* [WORK REQUIRED] Every line below is to be set down again exactly; any image stays out.

* [DATA EXCERPT]
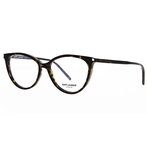 Ochelarii sunt accesoriul definitoriu in construirea stilului personal autentic si totodata, in crearea sinergiilor perfecte intre outfiturile tale si tredurile internaționale de fashion. Aceste rame de vedere de la Saint Laurent cu rama cat-eye evidentiaza trasaturile fetei intr-un mod delicat, datorita designului feminin, iconic. Stilul este îmbogățit cu detaliile iconice ale colțurilor metalice. Logo-ul Saint Laurent este gravat cu laser pe ambele temple.
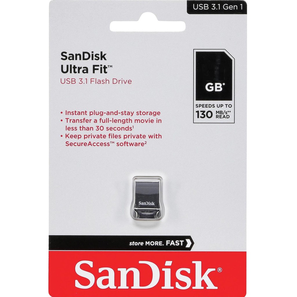 Máy tính & Laptop > Thiết Bị Lưu Trữ > USB & OTG || USB 3.1 SanDisk Ultra Fit CZ430 16GB / 32GB / 64GB / 128GB 130MB/s (Đen) - Hàng Chính HãngCòn hàng
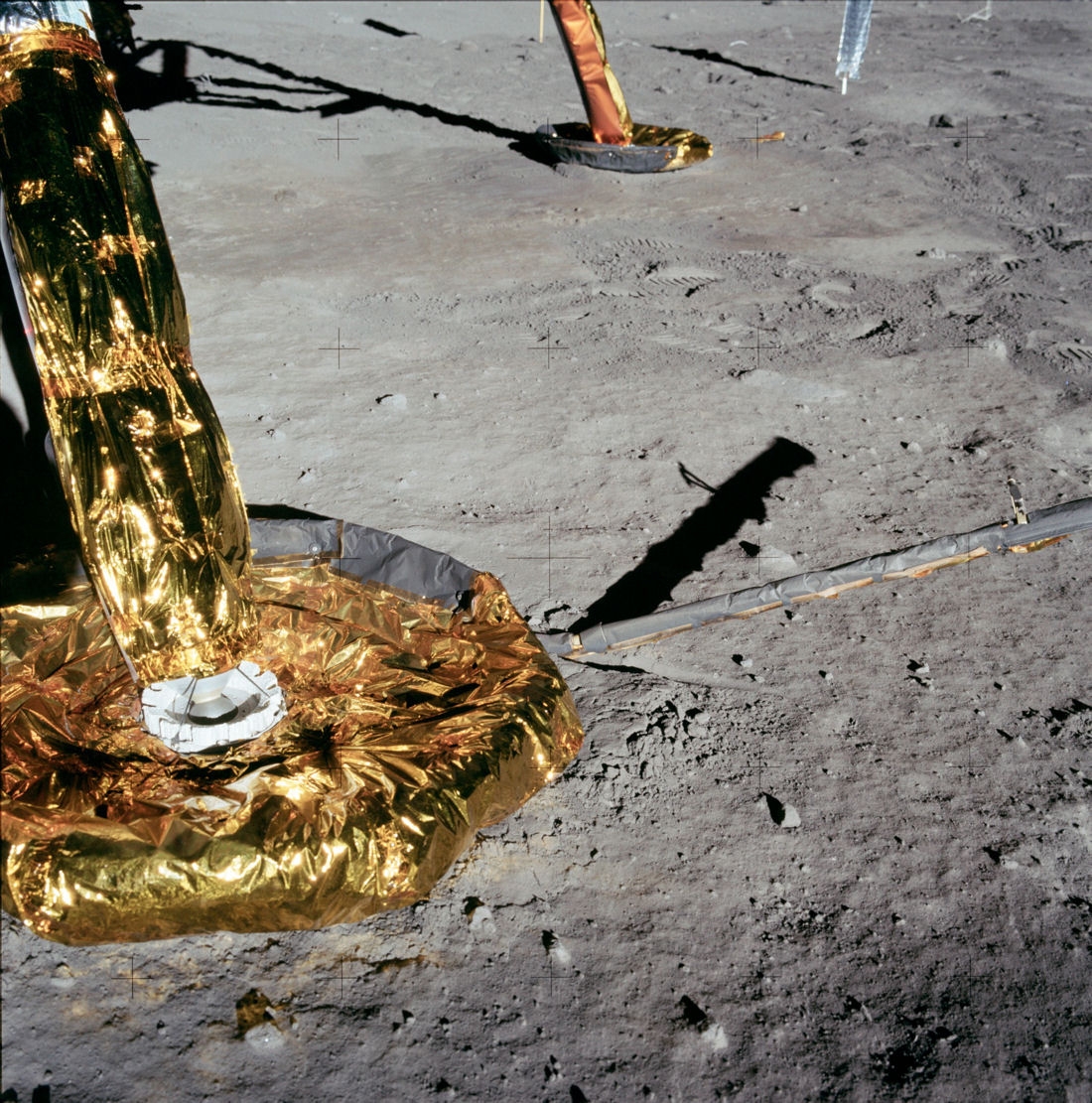Однако на всех фотографиях и видеозаписях мы видим нечто иное. Грунт под «Орлом» выглядит абсолютно нетронутым, с явными следами ботинок астронавтов, которые подошли к модулю вплотную. На опорах и самой ступени нет ни малейших следов осевшей пыли. Создаётся впечатление, что аппарат не садился, а был аккуратно установлен подъёмным краном в готовую «лунную» декорацию.

* [SOLVED PROBLEM]
 Ochelarii sunt accesoriul definitoriu in construirea stilului personal autentic si totodata, in crearea sinergiilor perfecte intre outfiturile tale si tredurile internaționale de fashion. Aceste rame de vedere de la Saint Laurent cu rama cat-eye evidentiaza trasaturile fetei intr-un mod delicat, datorita designului feminin, iconic. Stilul este îmbogățit cu detaliile iconice ale colțurilor metalice. Logo-ul Saint Laurent este gravat cu laser pe ambele temple.
 Máy tính & Laptop > Thiết Bị Lưu Trữ > USB & OTG || USB 3.1 SanDisk Ultra Fit CZ430 16GB / 32GB / 64GB / 128GB 130MB/s (Đen) - Hàng Chính HãngCòn hàng
Однако на всех фотографиях и видеозаписях мы видим нечто иное. Грунт под «Орлом» выглядит абсолютно нетронутым, с явными следами ботинок астронавтов, которые подошли к модулю вплотную. На опорах и самой ступени нет ни малейших следов осевшей пыли. Создаётся впечатление, что аппарат не садился, а был аккуратно установлен подъёмным краном в готовую «лунную» декорацию.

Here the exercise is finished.